▸ **Exercise details**:
Below is a block of entries, which should be copied verbatim apart from the pictures.

▸ **Supplied entries**:
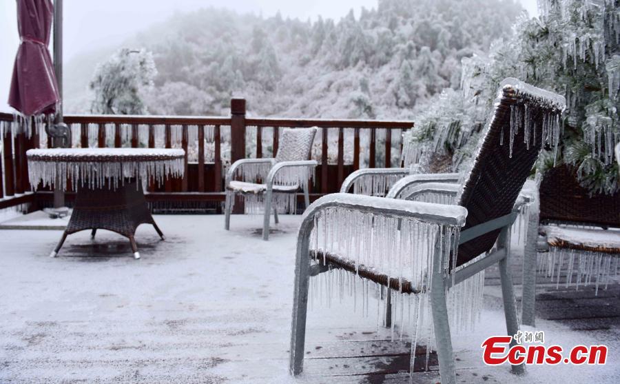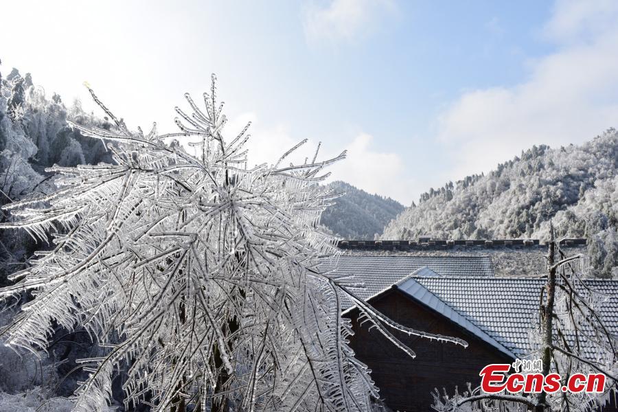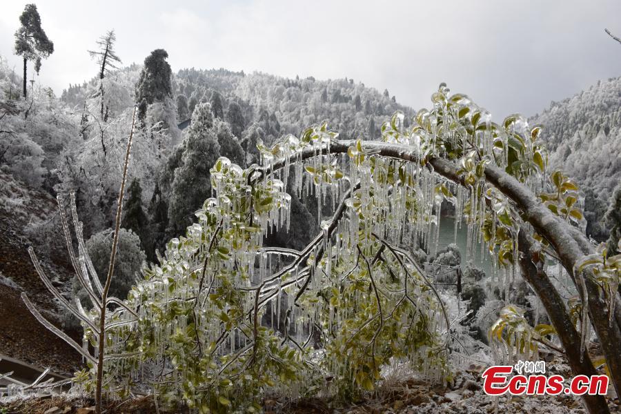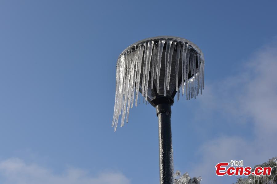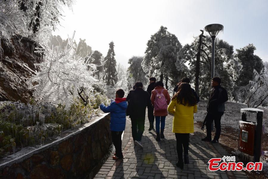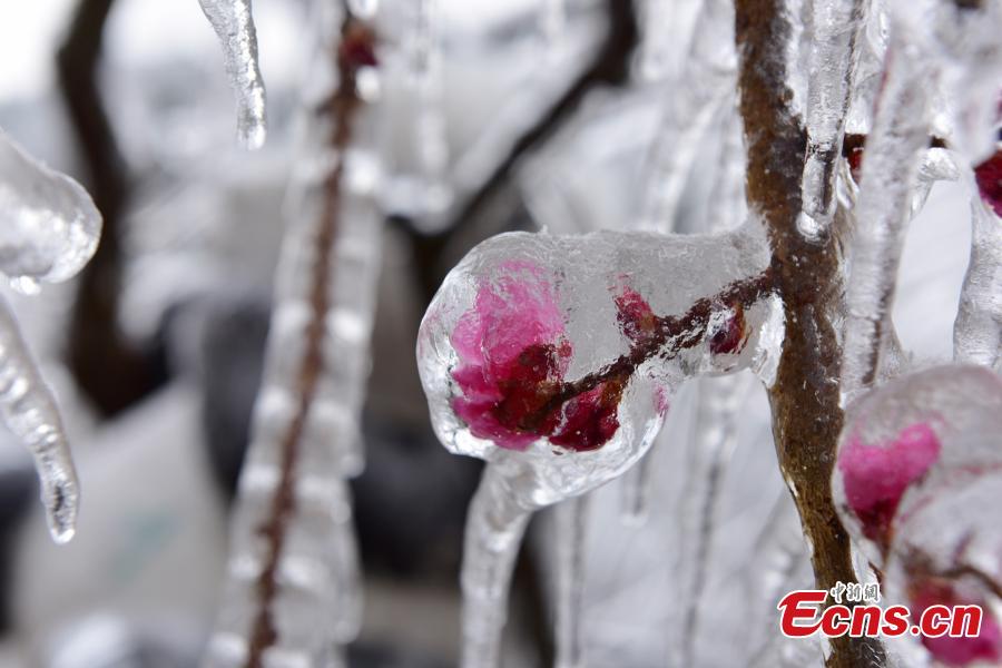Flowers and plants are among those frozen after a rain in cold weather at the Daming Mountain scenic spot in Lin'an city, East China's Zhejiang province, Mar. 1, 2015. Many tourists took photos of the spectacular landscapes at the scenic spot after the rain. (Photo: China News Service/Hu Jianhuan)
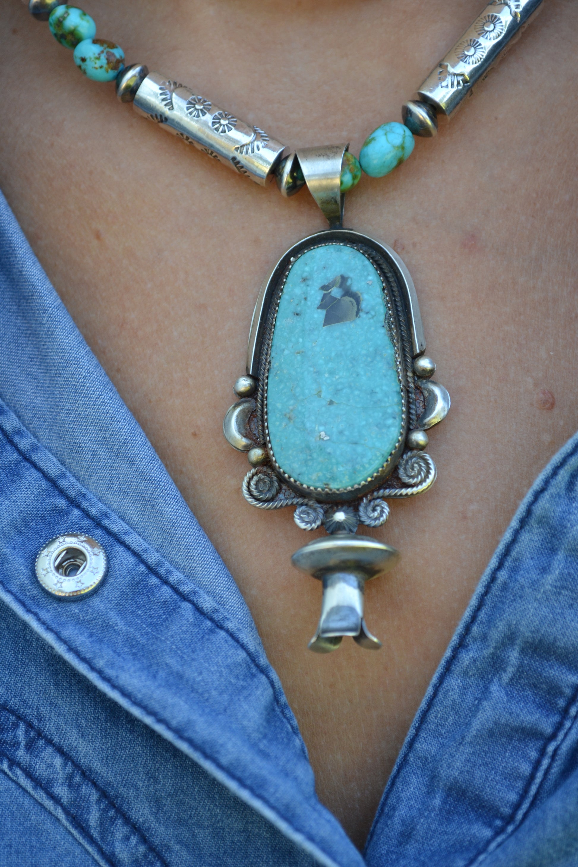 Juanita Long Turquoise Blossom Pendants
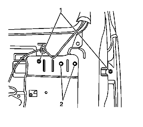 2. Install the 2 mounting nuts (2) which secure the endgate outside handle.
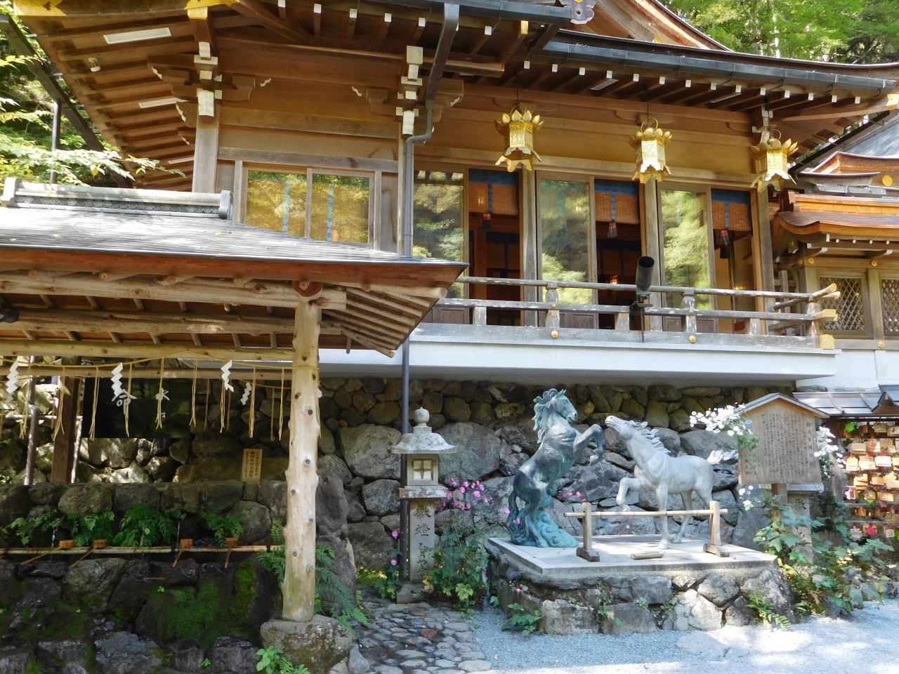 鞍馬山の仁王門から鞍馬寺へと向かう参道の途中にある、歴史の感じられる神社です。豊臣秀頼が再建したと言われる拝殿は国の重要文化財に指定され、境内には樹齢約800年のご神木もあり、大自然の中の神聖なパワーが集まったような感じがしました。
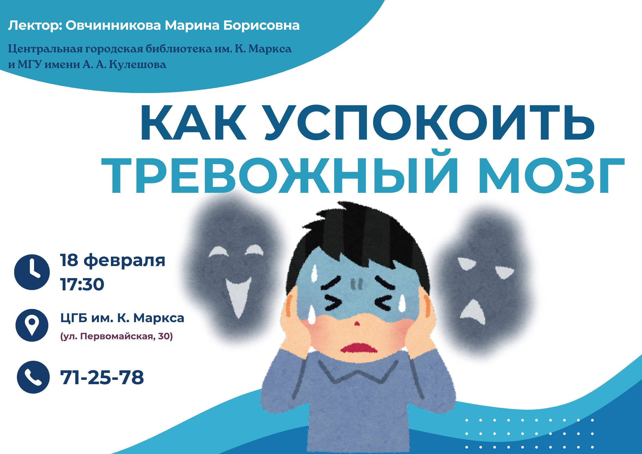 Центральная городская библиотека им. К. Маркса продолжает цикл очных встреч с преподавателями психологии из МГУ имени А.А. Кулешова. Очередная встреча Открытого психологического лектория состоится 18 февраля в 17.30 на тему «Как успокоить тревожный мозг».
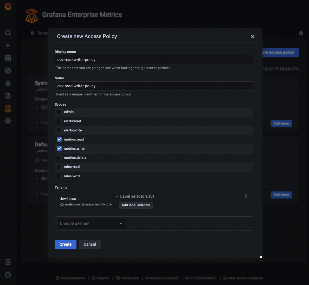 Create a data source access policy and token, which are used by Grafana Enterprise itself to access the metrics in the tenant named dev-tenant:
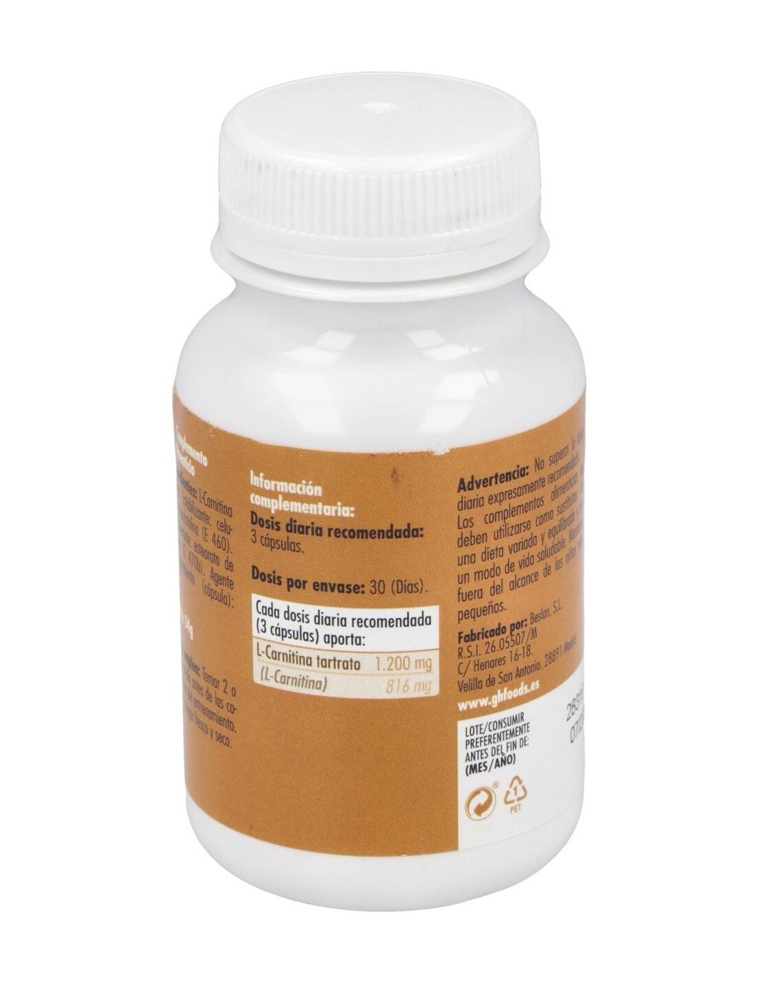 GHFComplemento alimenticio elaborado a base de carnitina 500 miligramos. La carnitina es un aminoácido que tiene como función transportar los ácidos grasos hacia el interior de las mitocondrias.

▸ **Response for this exercise**:
Flowers and plants are among those frozen after a rain in cold weather at the Daming Mountain scenic spot in Lin'an city, East China's Zhejiang province, Mar. 1, 2015. Many tourists took photos of the spectacular landscapes at the scenic spot after the rain. (Photo: China News Service/Hu Jianhuan)
 Juanita Long Turquoise Blossom Pendants
 2. Install the 2 mounting nuts (2) which secure the endgate outside handle.
 鞍馬山の仁王門から鞍馬寺へと向かう参道の途中にある、歴史の感じられる神社です。豊臣秀頼が再建したと言われる拝殿は国の重要文化財に指定され、境内には樹齢約800年のご神木もあり、大自然の中の神聖なパワーが集まったような感じがしました。
 Центральная городская библиотека им. К. Маркса продолжает цикл очных встреч с преподавателями психологии из МГУ имени А.А. Кулешова. Очередная встреча Открытого психологического лектория состоится 18 февраля в 17.30 на тему «Как успокоить тревожный мозг».
 Create a data source access policy and token, which are used by Grafana Enterprise itself to access the metrics in the tenant named dev-tenant:
 GHFComplemento alimenticio elaborado a base de carnitina 500 miligramos. La carnitina es un aminoácido que tiene como función transportar los ácidos grasos hacia el interior de las mitocondrias.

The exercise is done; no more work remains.